++++ Given information ++++

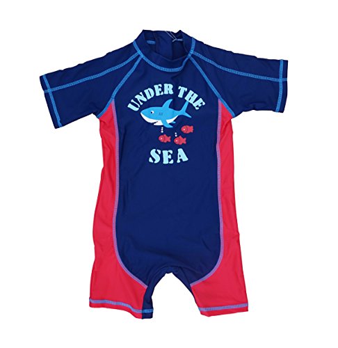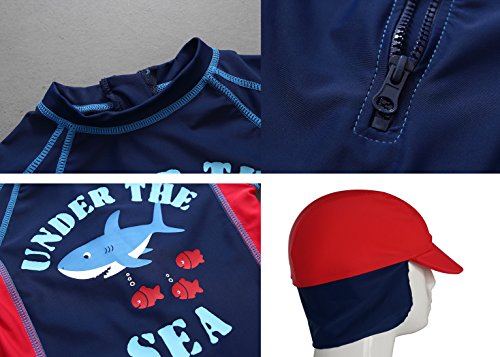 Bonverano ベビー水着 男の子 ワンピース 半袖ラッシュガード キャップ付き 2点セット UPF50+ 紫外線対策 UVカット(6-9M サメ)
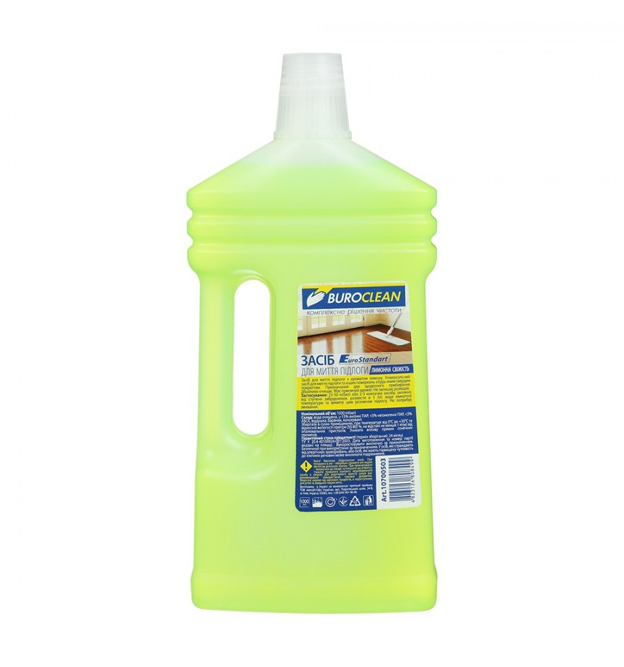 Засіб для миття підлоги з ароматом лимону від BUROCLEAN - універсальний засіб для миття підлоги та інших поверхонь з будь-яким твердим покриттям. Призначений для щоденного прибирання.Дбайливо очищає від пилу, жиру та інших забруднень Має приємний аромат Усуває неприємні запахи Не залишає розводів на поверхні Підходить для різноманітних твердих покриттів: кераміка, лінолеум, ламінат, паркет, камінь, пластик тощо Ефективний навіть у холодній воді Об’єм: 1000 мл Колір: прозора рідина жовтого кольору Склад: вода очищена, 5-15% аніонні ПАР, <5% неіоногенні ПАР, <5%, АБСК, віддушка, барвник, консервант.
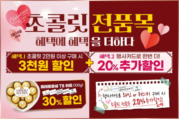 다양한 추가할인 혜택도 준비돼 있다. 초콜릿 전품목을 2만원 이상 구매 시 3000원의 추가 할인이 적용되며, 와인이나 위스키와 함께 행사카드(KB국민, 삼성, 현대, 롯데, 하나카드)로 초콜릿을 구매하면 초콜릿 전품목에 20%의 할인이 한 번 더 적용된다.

++++

**Required action:**
Output an exact copy of the material, with the pictures removed.

**Solution to the exercise:**
 Bonverano ベビー水着 男の子 ワンピース 半袖ラッシュガード キャップ付き 2点セット UPF50+ 紫外線対策 UVカット(6-9M サメ)
 Засіб для миття підлоги з ароматом лимону від BUROCLEAN - універсальний засіб для миття підлоги та інших поверхонь з будь-яким твердим покриттям. Призначений для щоденного прибирання.Дбайливо очищає від пилу, жиру та інших забруднень Має приємний аромат Усуває неприємні запахи Не залишає розводів на поверхні Підходить для різноманітних твердих покриттів: кераміка, лінолеум, ламінат, паркет, камінь, пластик тощо Ефективний навіть у холодній воді Об’єм: 1000 мл Колір: прозора рідина жовтого кольору Склад: вода очищена, 5-15% аніонні ПАР, <5% неіоногенні ПАР, <5%, АБСК, віддушка, барвник, консервант.
 다양한 추가할인 혜택도 준비돼 있다. 초콜릿 전품목을 2만원 이상 구매 시 3000원의 추가 할인이 적용되며, 와인이나 위스키와 함께 행사카드(KB국민, 삼성, 현대, 롯데, 하나카드)로 초콜릿을 구매하면 초콜릿 전품목에 20%의 할인이 한 번 더 적용된다.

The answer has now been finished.